**How to complete this task**. Beginning with the line where "Kaksi erillistä makuuhuonetta" appears, restate each line word for word until the data ends. Pictures do not go in.

(Beginning of Provided material)

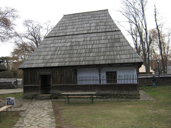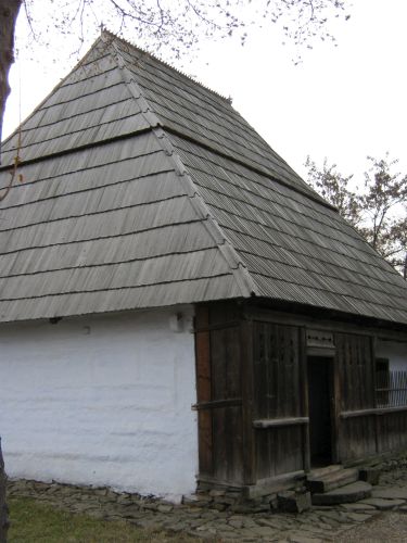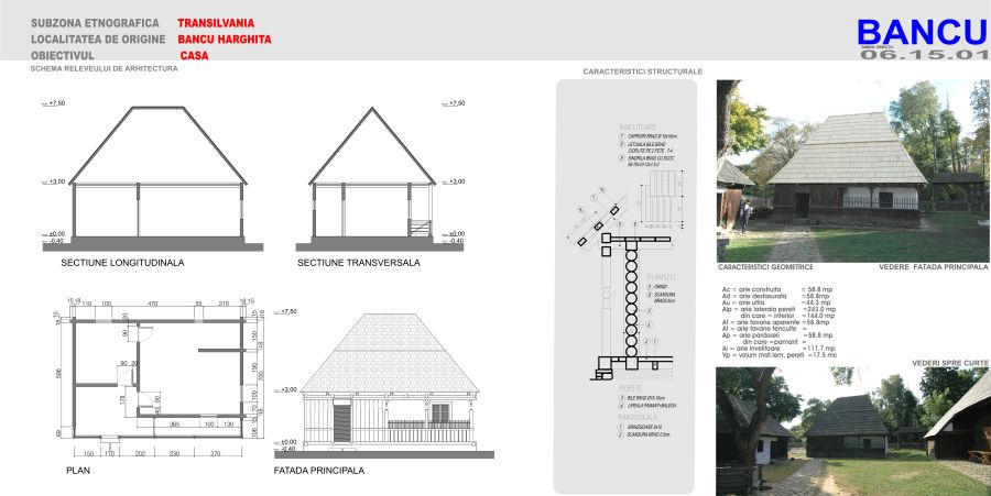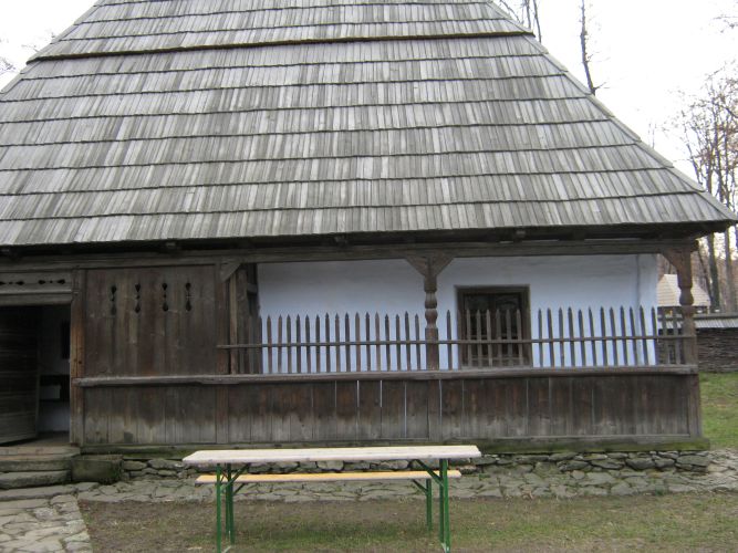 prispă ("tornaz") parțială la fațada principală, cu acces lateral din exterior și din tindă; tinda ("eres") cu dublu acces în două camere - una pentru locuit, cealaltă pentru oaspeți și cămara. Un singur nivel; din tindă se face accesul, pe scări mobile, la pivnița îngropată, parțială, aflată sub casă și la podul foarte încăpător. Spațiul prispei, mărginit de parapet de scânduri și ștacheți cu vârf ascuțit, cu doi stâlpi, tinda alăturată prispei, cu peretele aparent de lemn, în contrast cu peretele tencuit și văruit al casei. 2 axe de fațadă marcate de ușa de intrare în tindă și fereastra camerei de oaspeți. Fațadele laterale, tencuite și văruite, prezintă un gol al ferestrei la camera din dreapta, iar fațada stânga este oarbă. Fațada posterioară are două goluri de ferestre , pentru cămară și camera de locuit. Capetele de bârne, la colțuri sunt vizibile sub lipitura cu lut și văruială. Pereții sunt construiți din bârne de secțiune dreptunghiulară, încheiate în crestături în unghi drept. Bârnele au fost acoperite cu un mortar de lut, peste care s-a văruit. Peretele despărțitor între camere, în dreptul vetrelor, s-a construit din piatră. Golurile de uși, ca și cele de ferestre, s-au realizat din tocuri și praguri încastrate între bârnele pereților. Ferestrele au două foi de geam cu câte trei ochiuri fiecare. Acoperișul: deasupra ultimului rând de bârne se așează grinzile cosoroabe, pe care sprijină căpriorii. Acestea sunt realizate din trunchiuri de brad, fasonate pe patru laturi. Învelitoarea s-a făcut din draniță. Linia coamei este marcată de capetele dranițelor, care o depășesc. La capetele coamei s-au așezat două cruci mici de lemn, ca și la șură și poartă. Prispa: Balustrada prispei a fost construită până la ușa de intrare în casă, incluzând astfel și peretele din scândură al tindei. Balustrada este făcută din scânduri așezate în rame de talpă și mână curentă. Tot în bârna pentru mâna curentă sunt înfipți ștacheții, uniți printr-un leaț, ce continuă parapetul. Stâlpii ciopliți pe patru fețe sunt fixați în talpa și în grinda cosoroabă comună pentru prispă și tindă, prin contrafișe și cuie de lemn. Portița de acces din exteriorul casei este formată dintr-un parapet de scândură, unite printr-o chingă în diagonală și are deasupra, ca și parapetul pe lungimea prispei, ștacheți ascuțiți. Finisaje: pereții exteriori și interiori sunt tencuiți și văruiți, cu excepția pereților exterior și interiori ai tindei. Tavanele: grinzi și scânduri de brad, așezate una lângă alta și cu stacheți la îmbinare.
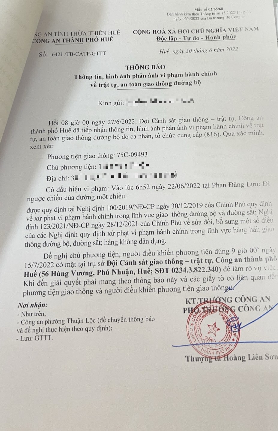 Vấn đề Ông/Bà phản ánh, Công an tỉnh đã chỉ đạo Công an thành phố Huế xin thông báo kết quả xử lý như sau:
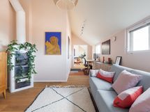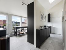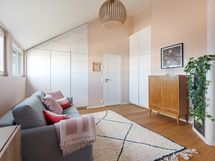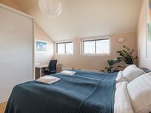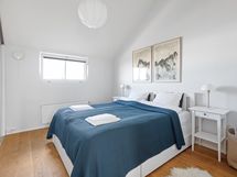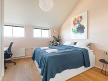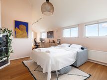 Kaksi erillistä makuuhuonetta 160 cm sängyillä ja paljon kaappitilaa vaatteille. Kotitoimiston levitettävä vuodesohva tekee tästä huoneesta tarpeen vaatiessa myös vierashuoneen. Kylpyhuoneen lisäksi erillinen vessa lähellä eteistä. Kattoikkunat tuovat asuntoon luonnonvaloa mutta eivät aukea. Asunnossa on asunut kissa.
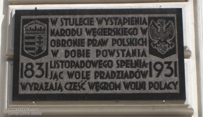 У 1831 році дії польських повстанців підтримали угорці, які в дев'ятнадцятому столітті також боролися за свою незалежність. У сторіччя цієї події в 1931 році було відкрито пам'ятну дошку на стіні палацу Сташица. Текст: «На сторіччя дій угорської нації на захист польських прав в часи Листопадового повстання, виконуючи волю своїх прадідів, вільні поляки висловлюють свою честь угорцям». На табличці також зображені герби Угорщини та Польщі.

(End of Provided material)

**Solution to this problem**.
 Kaksi erillistä makuuhuonetta 160 cm sängyillä ja paljon kaappitilaa vaatteille. Kotitoimiston levitettävä vuodesohva tekee tästä huoneesta tarpeen vaatiessa myös vierashuoneen. Kylpyhuoneen lisäksi erillinen vessa lähellä eteistä. Kattoikkunat tuovat asuntoon luonnonvaloa mutta eivät aukea. Asunnossa on asunut kissa.
 У 1831 році дії польських повстанців підтримали угорці, які в дев'ятнадцятому столітті також боролися за свою незалежність. У сторіччя цієї події в 1931 році було відкрито пам'ятну дошку на стіні палацу Сташица. Текст: «На сторіччя дій угорської нації на захист польських прав в часи Листопадового повстання, виконуючи волю своїх прадідів, вільні поляки висловлюють свою честь угорцям». На табличці також зображені герби Угорщини та Польщі.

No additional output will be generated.